[[ Information supplied, beginning ]]

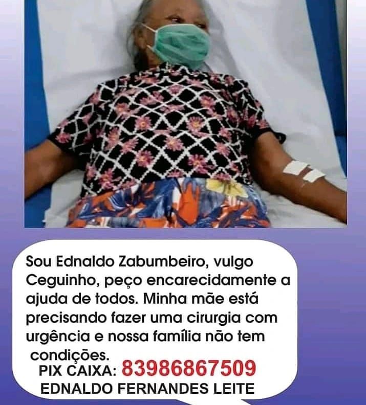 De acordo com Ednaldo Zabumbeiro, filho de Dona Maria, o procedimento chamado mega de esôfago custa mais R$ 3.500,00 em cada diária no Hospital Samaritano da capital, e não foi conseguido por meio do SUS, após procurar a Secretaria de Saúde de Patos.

[[ Information supplied, end ]]
[[ Information supplied, beginning ]]

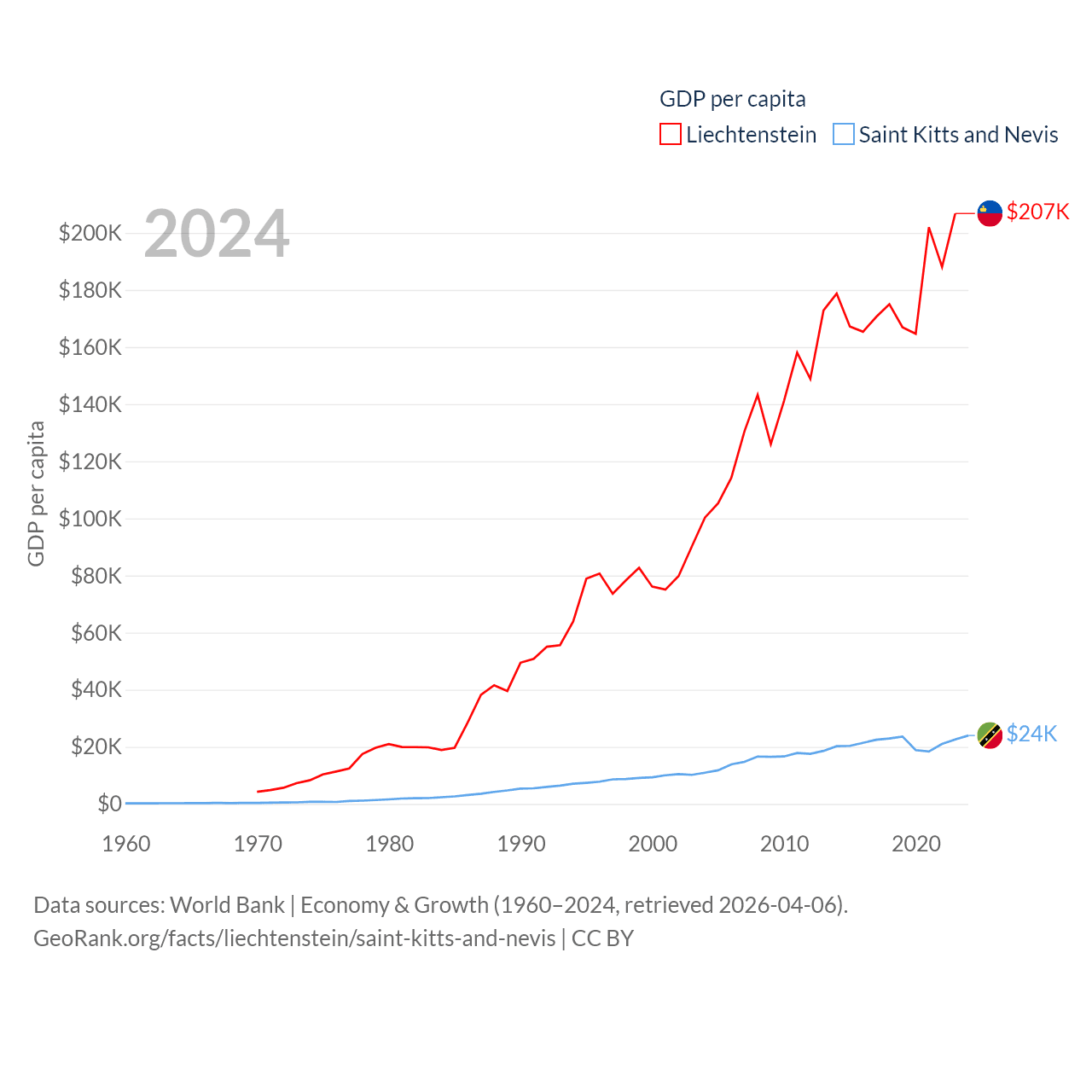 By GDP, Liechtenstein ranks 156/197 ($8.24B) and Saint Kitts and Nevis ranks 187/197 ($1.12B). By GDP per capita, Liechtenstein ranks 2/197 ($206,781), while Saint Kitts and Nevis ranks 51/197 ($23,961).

[[ Information supplied, end ]]
[[ Information supplied, beginning ]]

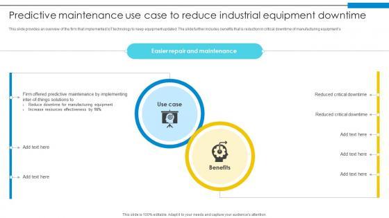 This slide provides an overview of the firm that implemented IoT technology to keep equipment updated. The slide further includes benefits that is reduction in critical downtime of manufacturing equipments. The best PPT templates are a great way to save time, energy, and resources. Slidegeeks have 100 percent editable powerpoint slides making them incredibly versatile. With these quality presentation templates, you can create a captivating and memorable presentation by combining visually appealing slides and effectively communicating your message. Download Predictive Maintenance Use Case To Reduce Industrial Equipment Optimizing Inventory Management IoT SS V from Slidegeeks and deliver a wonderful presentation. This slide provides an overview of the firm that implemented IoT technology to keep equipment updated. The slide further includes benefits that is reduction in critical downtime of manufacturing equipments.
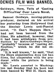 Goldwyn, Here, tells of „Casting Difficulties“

[[ Information supplied, end ]]

(Problem details):
In the listing above, find the line containing "manufacturing equipments. The" and the line containing "Goldwyn, Here, tells". Reproduce those lines and all between them exactly, with no pictures and nothing more.

(Output of the task):
 This slide provides an overview of the firm that implemented IoT technology to keep equipment updated. The slide further includes benefits that is reduction in critical downtime of manufacturing equipments. The best PPT templates are a great way to save time, energy, and resources. Slidegeeks have 100 percent editable powerpoint slides making them incredibly versatile. With these quality presentation templates, you can create a captivating and memorable presentation by combining visually appealing slides and effectively communicating your message. Download Predictive Maintenance Use Case To Reduce Industrial Equipment Optimizing Inventory Management IoT SS V from Slidegeeks and deliver a wonderful presentation. This slide provides an overview of the firm that implemented IoT technology to keep equipment updated. The slide further includes benefits that is reduction in critical downtime of manufacturing equipments.
 Goldwyn, Here, tells of „Casting Difficulties“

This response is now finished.